Dans le passé, Bob endommage le qubit d’Alice
En informatique quantique, les unités contenant des informations sont les qubits. Il est possible de les enchevêtrer, ce qui donne une propriété quantique où ces informations se retrouvent fortement interconnectées. Elles sont « intriquées ». Pour leur expérience, réalisée dans l’ordinateur quantique IBM-Q, les physiciens ont créé une forme de scénario qui implique Alice et Bob.

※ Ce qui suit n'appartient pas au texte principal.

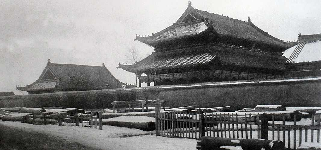 Jilin Confucian Temple in 1925

Dans le présent, on a un monde quantique complexe, parfaitement enchevêtré. Alice connaît bien l’un des qubits puisqu’elle sait le décoder. Dans l’état passé de ce monde, Bob joue les intrus. Il intervient pour interférer avec le cours des choses en s’en prenant au qubit d’Alice. Résultat : il endommage ce qubit, lequel perd toutes ses corrélations initiales avec le reste du monde quantique. Ensuite, on revient dans le présent pour retrouver, en ré-avançant dans le temps, afin de constater les effets de ce changement. En clair, il faut retenir que les physiciens ont remonté le temps dans ce monde quantique pour endommager, aux origines, l’un des qubits. C’est comme si l’on voyageait en 1900 pour changer le cours d’un événement avant de revenir en 2020. Le présent de 2020 serait-il intact ?

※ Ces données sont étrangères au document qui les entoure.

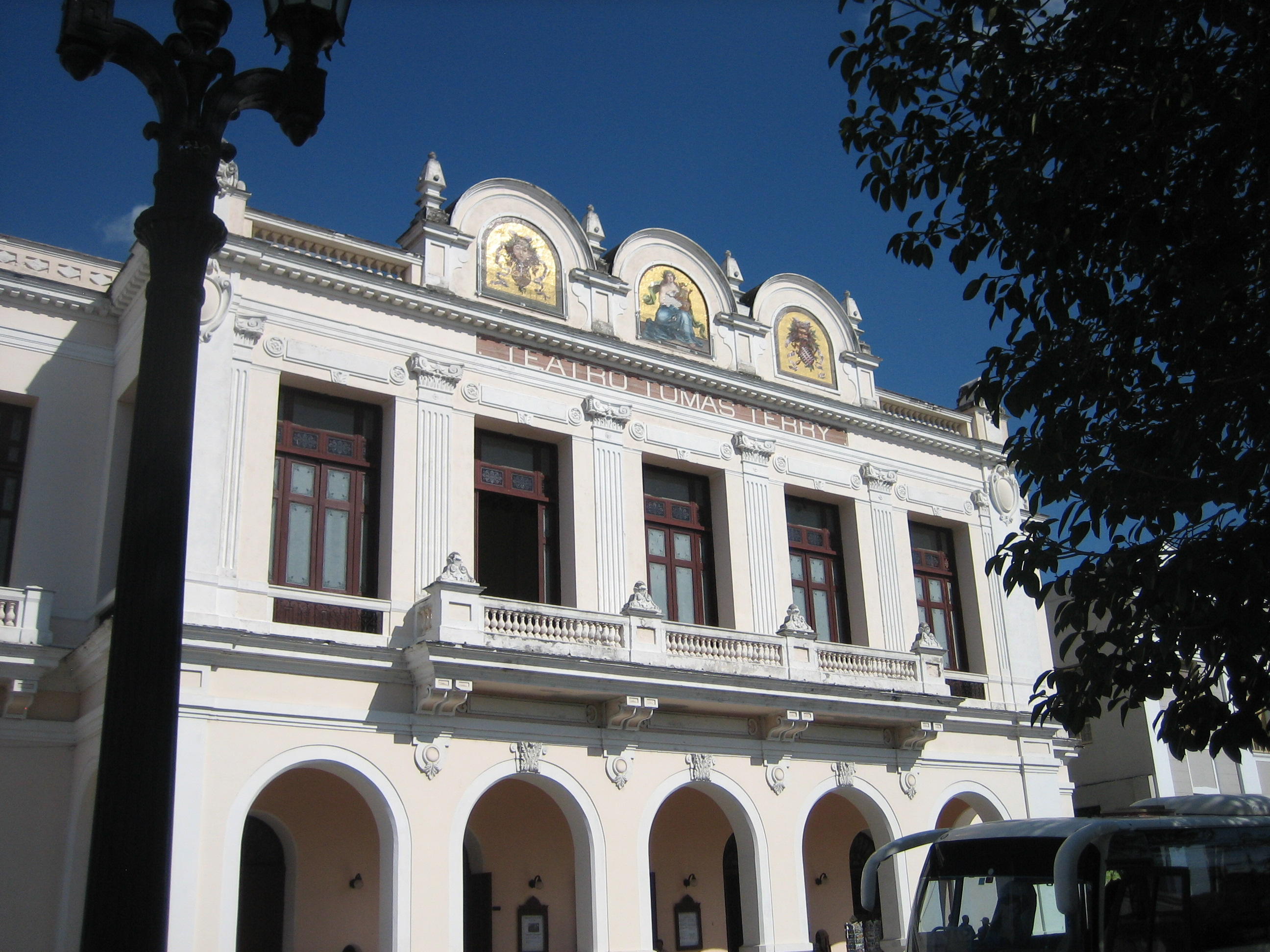 Teatro Tomas Terry, Cienfuegos, Cuba.

Rappelez-vous : l’enchevêtrement quantique implique que les qubits sont interconnectés. Et dans cette expérience, les physiciens ont même opté pour un fort enchevêtrement. Normalement, en physique standard, la théorie du chaos implique que l’intervention anormale de Bob sur le qubit soit « magnifié » dans l’effet papillon. Pendant l’évolution complexe du système entre l’état initial avec Bob et l’état futur avec Alice, il y a tant de corrélations et d’interactions que le qubit endommagé ne devrait plus être lisible par Alice, tant il devrait être différent à cause de son endommagement dans le passé. Pourtant, aucun effet papillon de la sorte n’a été repéré par les physiciens. Rien n’avait changé dans le présent malgré le changement dans les conditions initiales du passé. Alice pouvait décoder le qubit. Le présent du monde quantique était intact, même après le changement inséré dans le passé. « Nous avons découvert que notre monde a survécu, ce qui signifie qu’il n’y a pas d’effet papillon en mécanique quantique. »

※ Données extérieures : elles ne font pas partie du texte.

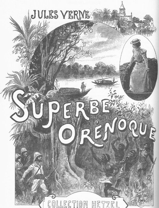 An illustration from the novel "The Mighty Orinoco" by Jules Verne drawn by George Roux.

Et le mindblown n’est pas terminé. L’une des découvertes est encore plus contre-intuitive : dans le royaume quantique, plus l’endommagement intervient loin dans le passé, plus le monde quantique est grand et complexe ; moins le changement opéré lors d’un voyage dans le temps n’a d’impact sur le présent. La raison d’être de cette absence d’effet papillon reste à comprendre pleinement. Les physiciens suggèrent que la configuration d’un état quantique est profondément inscrite dans son passé lointain, tant et si bien que des changements mineurs n’ont aucun impact sur les corrélations, lesquelles resurgissent de toute façon.
« Nous avons constaté que la notion de chaos en physique classique et en mécanique quantique doit être comprise différemment », concluent les physiciens, qui envisagent différentes implications à cette trouvaille, par exemple pour la sauvegarde de données sous forme quantique.